El fantasma
simbólico de un espacio en la infancia, como aquel en el que él creció junto a sus
hermanos de la mano de sus padres. La mano simple y cálida de su mamá y la mano gruesa,
áspera y simpática de su papá. Aquellas manos que estaban siempre cerca, en
caricias permanentes. Se lo veía distinto con el paso del tiempo. Aquella casita a
la que no le sobraba nada y a veces le faltaba, tenía, sin embargo, eso que se
había sabido construir desde la sencillez. Las paredes sucias de alegría. Él venía
de ahí. Ella venía de algo muy opuesto, así lo pensaba él, por lo menos.
Ahora, vivían
en un minúsculo departamentito antiguo en el centro de la ciudad con un hermoso
balcón francés orientado hacia la parte más linda de un parque, dos ambientes y
una dependencia ínfima que ella utilizaba como escritorio, sala de lectura, de labores
y multipropósito, su lugar especial, aunque todo en esa casa era ella, cada
detalle, los muebles, los cuadros, los tapices, las cortinas, las alfombras,
los almohadones, las plantas invadiéndolo todo, las lámparas, los jarrones, los candelabros, los
adornos en general, la inspiración variada y multiétnica, el infinito museo de pequeñas y
delicadas posesiones desperdigadas, la colección de gatitos de porcelana, las
cajitas de música con sus bailarinas, cada una de las cosas que habían sido cuidadosamente elegidas
por ella, algunas hechas o restauradas por sus manos incluso, en un largo
proceso, de años de duración. Las revistas la habían ayudado en todo aquello,
siempre estaba sacando ideas nuevas de esas publicaciones especializadas en las
distintas áreas de la femineidad institucionalizada y sus colindantes sistémicas.

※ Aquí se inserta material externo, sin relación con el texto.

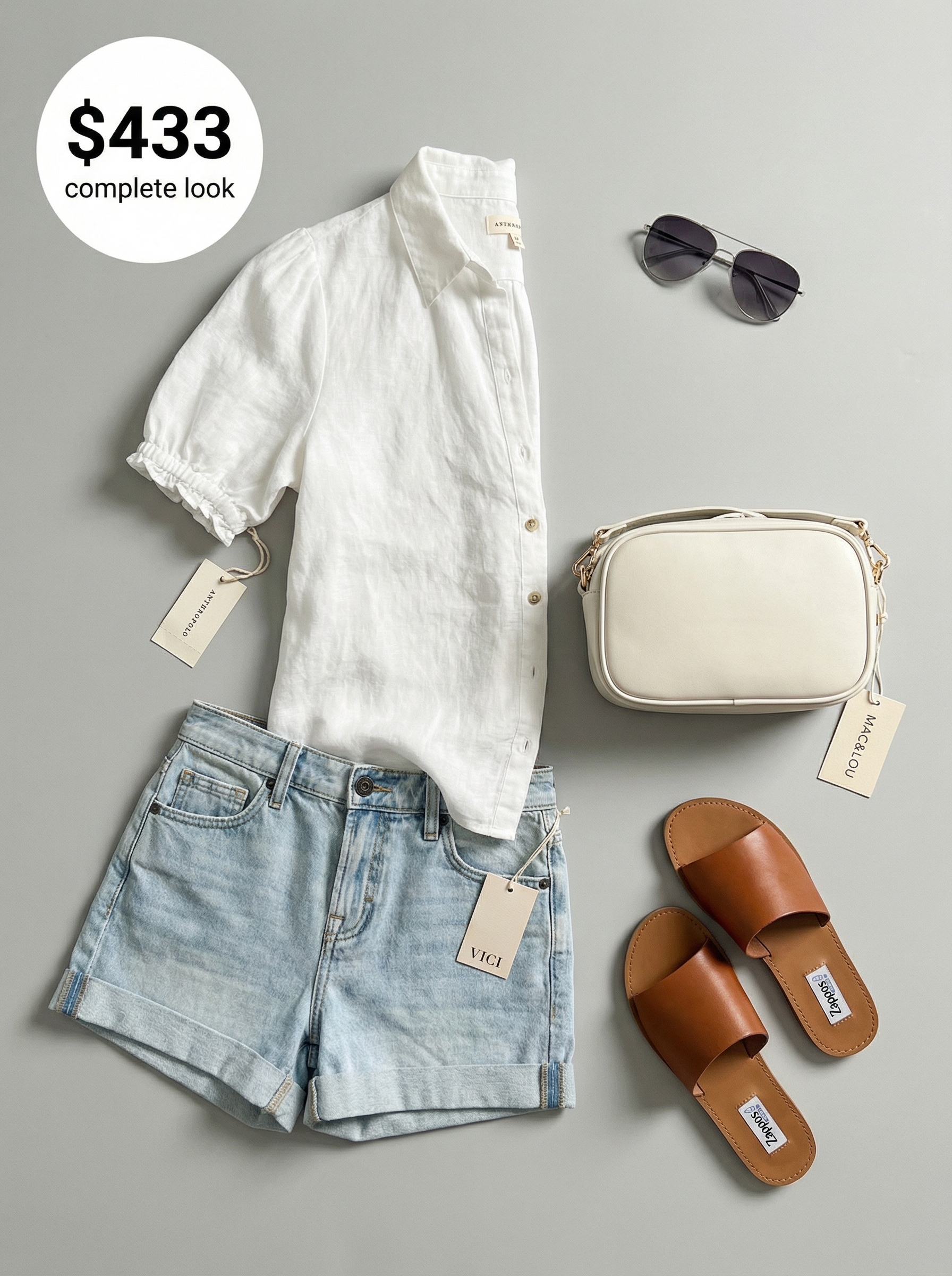 It’s all in the details. The puff sleeves on this white linen-blend blouse from Anthropologie ($108) add a feminine, on-trend detail that elevates it from a basic button-down. Made from 100% European linen, the top provides essential breathability for warm-weather sightseeing. It’s paired with light-wash denim shorts ($34.80) that feature a tailored, cuffed hem for a polished finish. The brand VICI is having a 40% OFF sale. Together, these pieces form a versatile and chic foundation for countless summer vacation outfits women can rely on.

Flores, mariposas, encajes, puntillas, volados, muñecas, hadas, cristales, gasas, colores, brillos, corazones… Él odiaba esos corazones impuestos por el mercado
de signos, casi tanto como a la cruz devota del dormitorio.
Ese
departamentito estuvo en su familia desde que ella era chiquita, ahí vivió su
abuela hasta la muerte, luego su madre se lo alquiló a una tía o algo así y
finalmente fue de ella cuando su tía o algo así fue a dar a un psiquiátrico.
Toda esa casa
era ella. Él era una tercera parte del armario, un par de estantes en la
biblioteca, la mesa de luz de su lado, algunas pocas cosas en el baño y un
guitarrón jumbo coreano que últimamente estaba guardado en un rincón del
dormitorio al costado de la mesa de luz. Aunque hacía días que él era fundamentalmente
los cigarros y la botella de vodka.
Sus dedos tenues
corrían las páginas, se detuvo en una nota acerca de cómo hacer para mantener viva
la pasión en la pareja.
Él seguía
sentado a la mesa fumando, pensaba en un hombre, apenas mayor que él,
aferrado al timón de una cascara de nuez en el medio de una tormenta furiosa en
el océano.
Las baladas
roncas y oscuras se habían acallado, ninguno de los dos pareció notarlo.